A study by Gilson et al. [10] demonstrated that the latest version of the ChatGPT model outperformed pre-vious versions by 8.15% in answering questions from AMBOSS (a publicly available database of questions for medical students) and National Board of Medical Examiners (NBME) database. The study also found that logical reasoning for ChatGPT’s answer choices was present in 100% of the results from the NBME datasets, even when they did not align with the answer key.

In our study, we identified that questions, for which ChatGPT provided correct answer, had a significantly higher confidence index. Therefore, the confidence index can be considered a parameter indicating a higher likelihood of ChatGPT providing a correct answer (Figure 2). Discrepancies between the obtained results are likely attributed to differences in the quality, complexity, and specificity of the presented test questions as well as a potential language barrier since Polish is not the primary language for the ChatGPT model. It can be concluded that, given equal access to training resources and training time, the Polish specialist exam is significantly more challenging than the Canadian Royal College exam. Furthermore, it is reasonable to assume that if the Polish radiology textbooks recommended for studying for the specialty exam were more readily available in an online format, ChatGPT would be more likely to utilize the data from these textbooks in its training, therefore improving its ability to handle questions from the NSE.

Conclusions

Based on the presented results, it can be concluded that the performance of the ChatGPT model in passing the specialist in radiology and imaging diagnostics examination in Poland remains uncertain. In our experiment, the model did not achieve the minimum score required for a passing grade, although it came close in certain cate-gories. To truly assess the effectiveness of ChatGPT in successfully passing the specialty exam, further testing using official questions provided by the Centre for Medical Exa-minations is necessary.

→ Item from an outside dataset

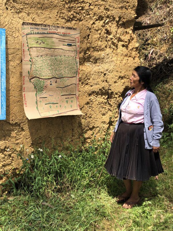 Je m’appelle Julia. Je suis agricultrice dans la région de Huánuco au Pérou. J’ai cinq enfants et suis veuve. Mes enfants sont tous partis vivre et travailler à la ville, alors je me retrouve seule. Dans le cadre du programme que je suis avec IDMA, [un partenaire de l’ONG Iles de Paix, dont le programme est soutenu par l’Opération 11.11.11], j’ai dessiné la ferme de mes rêves, et donc les objectifs que j’aimerais atteindre. Et je m’y tiendrai tant que je pourrai le faire physiquement.

When evaluating the usefulness of ChatGPT, factors such as, the level of difficulty of the exam, the specific types of questions that posed the greatest challenges, and the availability of recommended scientific sources for studying for the NSE, should also be taken into consideration. It is possible that future versions of the ChatGPT model may perform better in addressing requirements of the NSE, but currently, there is no evidence to support this claim. Further research and testing of ChatGPT on the passing rates of state examinations in radiology are necessary to gain a more comprehensive understanding of its capabilities.